Top Challenges Facing Clients Who Own Businesses

When working with entrepreneurial clients, planner Seth Streeter, co-founder of Mission Wealth Management in Santa Barbara, Calif., finds that most struggle with two key challenges.

Many of these clients are handcuffed to their companies and stuck working in their businesses and not on them. This means they are putting out fires every day and micro-managing their firms, but not thinking about larger strategic issues.

In addition, many haven’t taken the time to think sufficiently about succession planning, which means the owner hasn’t thought about how to harvest the wealth he has built up in the business.

That’s where Streeter and others like him come in. A CFP, Streeter has developed a specialty in working with business-owner clients. One of Streeter’s clients came to him after building a well-known fashion and apparel firm.

“He had a great lifestyle,” Streeter says. “The business was thriving and he was a superstar -– and then he got cancer.” The illness provided a wake-up call that the entrepreneur heeded by seeking out financial planning. Streeter help him prioritize the most important tasks in dealing with this new challenge.

“I helped arrange a sale [of a portion of the company] to a key employee group,” Streeter says. “We ended up helping them restructure some of their debt in the company and arrange an employee buyout of a chunk of the equity to secure liquidity for the family to pay down their personal debts and to create an investment surplus.”
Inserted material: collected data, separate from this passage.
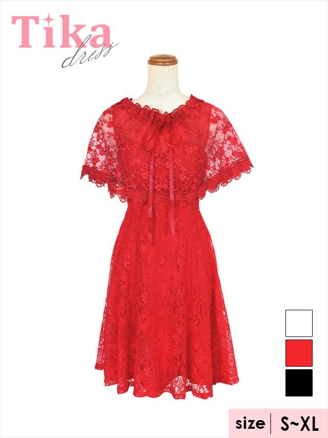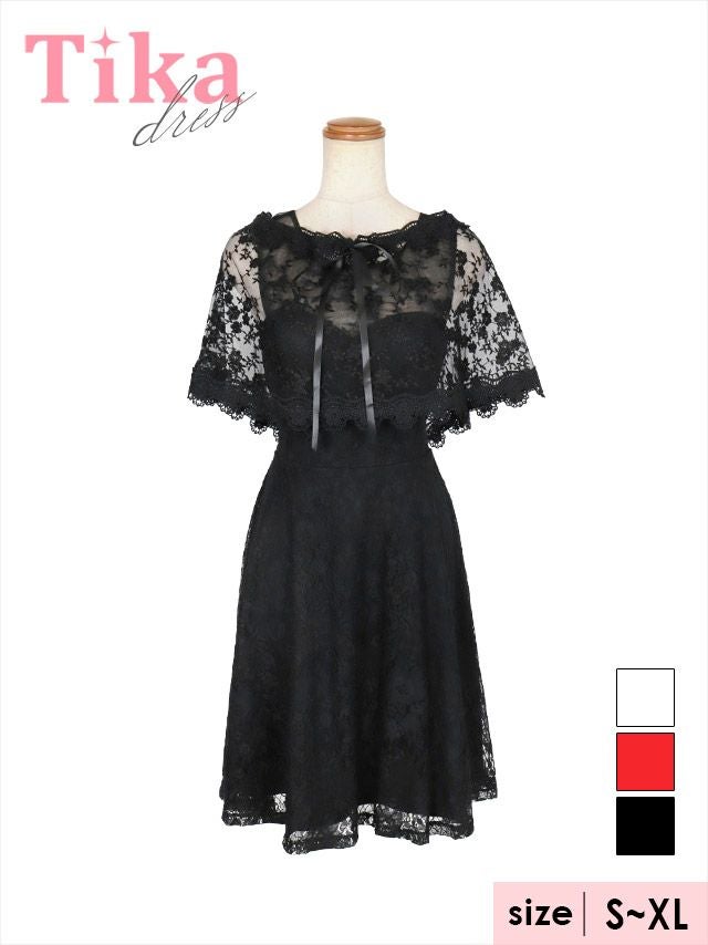 シアーフラワーケープ付きノースリーブウエストリボン総レースフレアミニドレスのカラーバリエーション
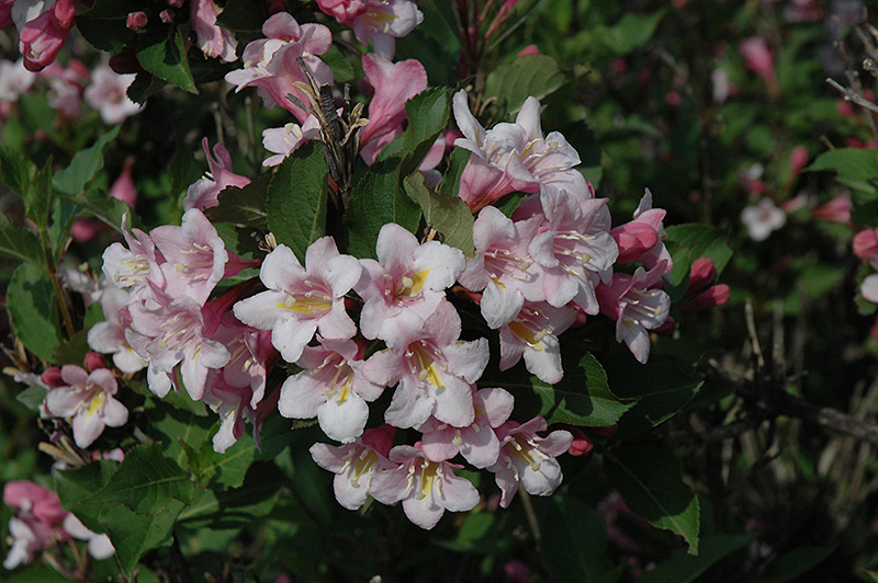 Hardiness Zone: 3b Description: A neat and compact flowering shrub covered in soft pink flowers with deeper pink bases, attractive to hummingbirds, foliage emerges with a copper tint fading to a deep dark green; rather reserved the rest of the year, needs full sun Ornamental Features Samba Weigela features showy clusters of shell pink trumpet-shaped flowers with yellow throats and a rose reverse along the branches from late spring to mid summer. It has attractive purple-tipped dark green foliage which emerges coppery-bronze in spring. The pointy leaves are highly ornamental but do not develop any appreciable fall color. Landscape Attributes Samba Weigela is a multi-stemmed deciduous shrub with a more or less rounded form. Its average texture blends into the landscape, but can be balanced by one or two finer or coarser trees or shrubs for an effective composition. This shrub will require occasional maintenance and upkeep, and should only be pruned after flowering to avoid removing any of the current season's flowers. It is a good choice for attracting hummingbirds to your yard. It has no significant negative characteristics. Samba Weigela is recommended for the following landscape applications; Planting & Growing Samba Weigela will grow to be about 3 feet tall at maturity, with a spread of 3 feet. It has a low canopy. It grows at a medium rate, and under ideal conditions can be expected to live for approximately 30 years. This shrub should only be grown in full sunlight. It prefers to grow in average to moist conditions, and shouldn't be allowed to dry out. It is not particular as to soil type or pH. It is highly tolerant of urban pollution and will even thrive in inner city environments. This is a selected variety of a species not originally from North America. Samba Weigela makes a fine choice for the outdoor landscape, but it is also well-suited for use in outdoor pots and containers. Because of its height, it is often used as a 'thriller' in the 'spiller-thriller-filler' container combination; plant it near the center of the pot, surrounded by smaller plants and those that spill over the edges. It is even sizeable enough that it can be grown alone in a suitable container. Note that when grown in a container, it may not perform exactly as indicated on the tag - this is to be expected. Also note that when growing plants in outdoor containers and baskets, they may require more frequent waterings than they would in the yard or garden.
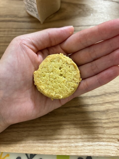 塩は塩味が程よく、食感は噛むとサクッとした後はホロホロと崩れていき、口の中で溶けていきます。一口サイズで食べやすいです。
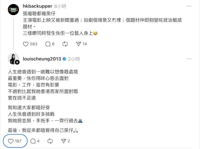 张继聪近日被网友封为 “黑仔王”。原因是他筹备了整整八年、自掏腰包投入六位数资金且担任主演的电影《金童》前不久终于上映,原本票房正稳步攀升,怎料上月 26 日发生了大埔宏福苑大火这样的悲剧。香港民众陷入深深的悲痛之中,纷纷减少娱乐活动,电影团队也顺应这样的社会氛围,叫停了影片的谢票活动。祸不单行的是,宏福苑和张继聪以及他的妻子谢安琪其实有着很深的渊源。谢安琪日前心痛地发文称,自己从童年到结婚前,在宏福苑住了很多年,这里是她成长的家园。当得知不少老同学、长辈和邻居都在大火中丧生时,她表示内心的悲痛沉重到难以用言语形容。据悉,谢安琪当年住在宏泰阁,张继聪当年正是在这栋楼楼下的公园向她表白的。而宏泰阁恰恰是这次大火中死亡人数最多的一栋楼。张继聪和谢安琪结婚后依旧住在大埔,再加上宏福苑位于大埔入口处,是大埔人回家的必经之路,实在难以想象两人每次经过这里时,内心会有多悲痛。网友对张继聪的遭遇深感同情,也称赞他在这个时候还和妻子一起捐出 100 万用于赈灾。无独有偶,日前网上流传着一张据称是 “宏福苑大火前的最后一份公告”。公告内容显示,11 月中旬到 1 月中旬期间,该小区会出借场地给 ViuTV 剧组拍戏,希望征用小区内的四个单元。网友推测这部剧正是张继聪和周秀娜主演的《小业主战线》,这部剧讲述的是小业主对抗业主委员会围标作弊的故事。剧集原本已经开机拍摄了一个多星期,只是题材较为敏感,如今能不能继续拍摄还是个未知数。不止有一位网友发文表示觉得他运气差、太倒霉,但张继聪却十分乐观地回复道:“Stay positive 💪🏼”。还有一位网友发文说:“张继聪也太倒霉了,主演的电影上映被新闻盖住了风头;拍戏的场地也没了;剧的题材还一下子变成了敏感题材。三件倒霉事同时发生在他一个艺人身上😅”。对此张继聪暖心回应道:“人生总会遇到一些难以想象的困境,最重要的是你用什么样的心态去面对。电影和工作肯定会受到影响,但比起我们香港现在正遭遇的事情,这些实在微不足道。我知道大家心里都不好受,人生本就会遇到很多挑战,我们肩并肩、手牵手,一起熬过去🫂。最后,我从来没觉得自己倒霉🙏🏻”。网友们纷纷对他表示支持,夸赞他为人真好,并表示会走进影院支持《金童》。跨年电影愿
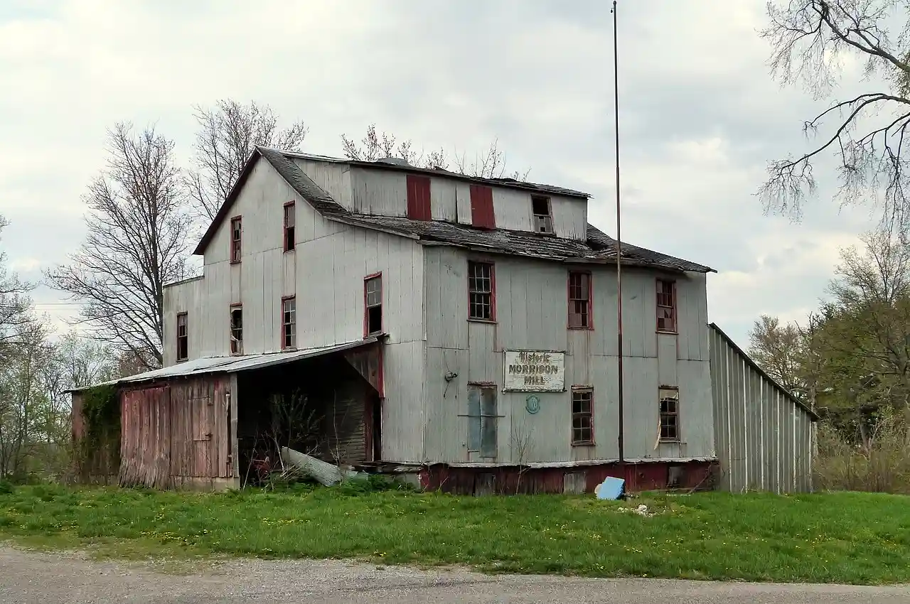 The Old Morrison Mill is a historic gristmill in Burnt Prairie, Illinois. The mill was originally constructed in 1859 in Enfield and was moved to Burnt Prairie in the late nineteenth century, replacing another mill built in 1820. The mill served as the farming community's local grain processing facility, converting wheat to flour and corn to meal. While the mill was originally horse-powered, a wood-fueled boiler was installed in 1897; the boiler's power source later changed to coal, a diesel engine, and ultimately electricity. Parkin and Martin owned the mill after its relocation to Burnt Prairie until brothers R.S. and Cal Morrison purchased it in 1897. R.S. Morrison died in 1931; his sons continued to operate the mill with Cal until 1963. The mill currently sits vacant and houses a variety of well-preserved milling tools and machinery. Read more on Wikipedia

The complex planning process took two years. Sadly, when it was completed, the client’s illness had taken a turn for the worse, and he died soon after. Although crushed by the loss, the client’s family and business would have been much worse off had the late founder not devoted time to addressing those two challenges common to business owners.

The newly empowered employee group ran the company well through his final months and continues to do so today. Streeter also arranged to restructure the debt on the company’s headquarters, which the founder owned. “This provided nice income for his [widow],” the planner says. “We were also able to set aside liquidity so that he could fund some goals he had for his children, including paying for his daughter’s marriage.”

A dividend for Streeter’s firm is that the business owner’s wife has continued as a customer. “The fact that we knew her husband and that he trusted us goes a long way with her,” Streeter says.